Photo Copyright Daniela Porcelli | Joerdeli Photography

How commercialization is driving a new era of women’s tournaments

Not to be confused with the Four Nations Tournament, the Tournament of Nations, or the [Africa] Cup of Nations, the Cup of Nations is the newest women’s international friendly tournament to take place over the February-March FIFA window. In a World Cup year, the four-nation tournament, hosted by Australia, gave each participating nation a vital chance to flex their muscles over a three-match week.

Just like the U.S.-based SheBelieves Cup before it, the Cup of Nations serves not just as a healthy rash of games (in what will be the first international window from next year on) but has the dual purpose of engaging local fans and creating revenue. With Australia hoping to host the 2023 edition of the Women’s World Cup, there are few better ways for Football Federation Australia to dip a figurative toe into the world of hosting an international women’s tournament.

Whether or not Australia will be granted the hosting rights for the next World Cup remains to be seen, but with FFA keen to engage their audiences and build a legacy, the Cup of Nations fills a void.

As interest in women’s sport across the nation is very much on the rise – a recent survey having shown that 53 percent of Australians attend women’s sporting events in person or follow on television – it’s likely that such a tournament would be well received. (The attendance figures for the inaugural Cup of Nations did, however, falll well short of the type of crowds the U.S. women’s nation team pull in for their SheBelieves Cup games and even show a downturn from the two friendlies against Chile in November.)
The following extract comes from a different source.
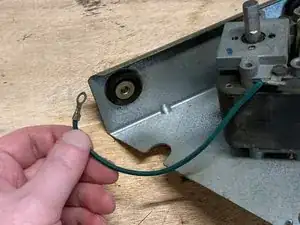 Обратите внимание на провод заземления мотора, который подсоединён к одному из болтов кронштейна. Обязательно подсоедините его при сборке обратно.

For the first year of the tournament in Australia, much like the four editions of the parallel cup competition in the United States, the three venues stretched out across the eastern seaboard. The logic for FFA is that Brisbane, Sydney and Melbourne are Australia’s three biggest cities. The same cannot be said for the venues the U.S. Soccer Federation has used over their four tournaments. Again, much like the SheBelieves, the Cup of Nations isn’t just about playing three matches, but about generating revenue, not just for FFA but for the three cities, with a view to increase tourism in the area. The model of the tournament heavily differs from the longstanding Algarve and Cyprus Cups that have just played their 26th and 12th editions, respectively.